Equities closed higher on Friday and maintained their weekly gains ahead of the holiday weekend. Lead by strong tech performances from the FAANGs — Facebook (FB), Apple (AAPL), Amazon (AMZN), Netflix (NFLX) and Google (GOOG , GOOGL) — the Nasdaq jumped 5.3% for the week, besting the 4.3% gains seen by the Dow and S&P 500.
Earnings season might be is winding down, but there are a basket of retail heavyweights reporting this coming week — many of which have the potential to move the markets higher. Lead by Dow components Home Depot and Walmart, here are a few stocks to keep an eye on.
Home Depot (HD) – Reports before the open, Tuesday, Feb. 20.
Wall Street expects EPS of $1.62 per share on revenue of $23.67 million. This compares to the year-ago quarter of $1.44 per share on $22.21 billion in revenue.

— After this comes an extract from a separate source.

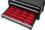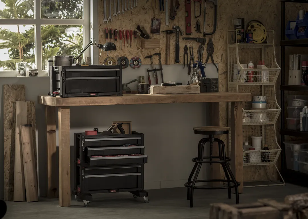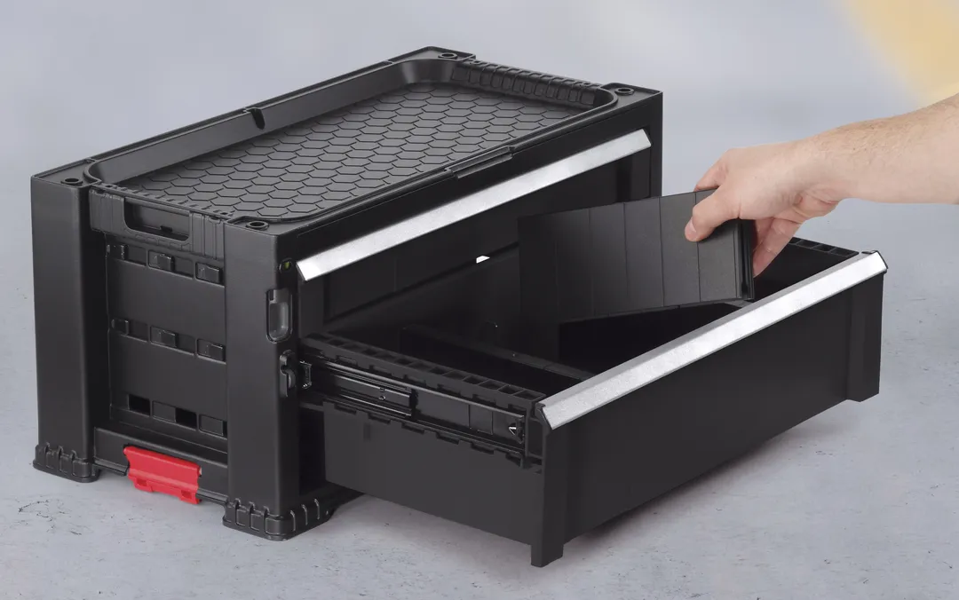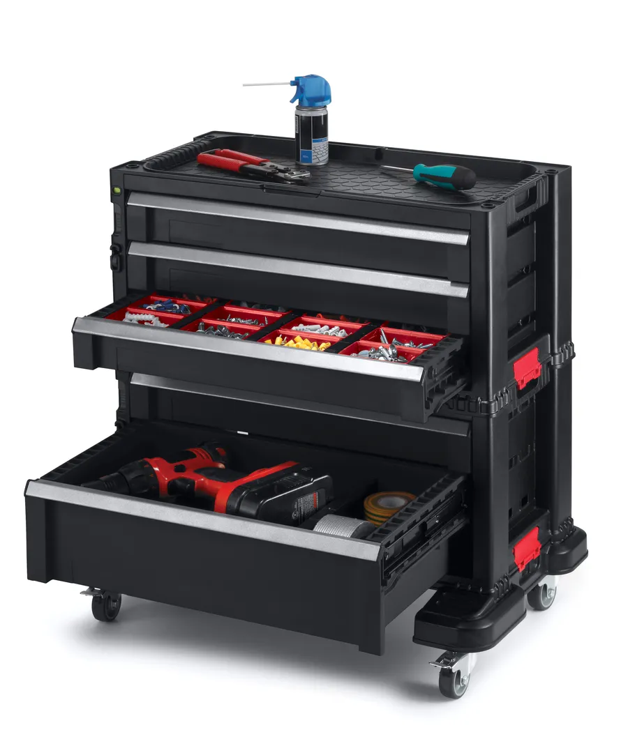 Sokoldalú, 5 fiókos kerekes tároló. Ez a tágas tároló rengeteg hellyel rendelkezik, ami tökéletes vélasztássá teszi a profik és a hobbi-barkácsolók számára egyaránt. Forgó kerekei segítségével könnyedén mozgatható a műhelyben.

What to Watch: Can revenue, earnings and comps continue to rise? Thanks to commodity price inflation in building materials, lumber and copper, revenue has been strong over the past couple of quarters, driving higher transaction growth by 5% year over year. Last quarter, the Atlanta-based company reported comp sales that rose about 8% year over year, accelerating above the 6% growth rate achieved for the first nine months of fiscal 2017.
Walmart (WMT) – Reports before the open, Tuesday, Feb. 20.
Wall Street expects EPS of $1.37 per share on revenue of $134.91 billion, compared to the year-ago quarter of $1.30 per share on $130.94 billion in revenue.
What to Watch: The retail giant has surpassed revenue estimates in the previous two quarters, while topping same-store sales estimates in the third quarter. Wall Street expects the positive trends to continue. On Friday Susquehanna Financial analyst Bill Dreher reiterated his positive stock rating on the stock and boosted its price target to $126 from $115, citing Walmart’s strong position in food.
Pandora Media (P) – Reports after the close, Wednesday , Feb. 21.
Wall Street expects a per-share loss of 8 cents on revenue of $375.82 million, compared to the year-ago quarter of a loss of 13 cents per share on $392.6 million in revenue.
What to Watch: To fight off Apple (AAPL) and Spotify, Pandora, still the largest streaming music platform in the U.S., recently announced an organizational restructuring aimed at strengthening its finances and growth position. the Oakland, Calif.-based company will cut its workforce by 5% by the end of Q1 and will instead invest initiatives such as ad-tech and audience development. These moves will save the company $45 million annually.
Hewlett-Packard Enterprise (HPE) – Reports after the close, Thursday , Feb. 22.
Wall Street expects EPS of 22 cents per share on revenue of $7.07 billion, compared to the year-ago quarter of 45 cents per share on $11.41 billion in revenue.
What to Watch: HPE has beaten analysts’ average EPS estimates in three of the last four quarters. And with better-than-expected results just released from Cisco (CSCO), suggesting an uptick in enterprise spending, HPE is poised to deliver strong numbers this quarter. Last month Deutsche Bank raised its price target on the stock by $3 to $19, calling HPE a growth value-play for 2018.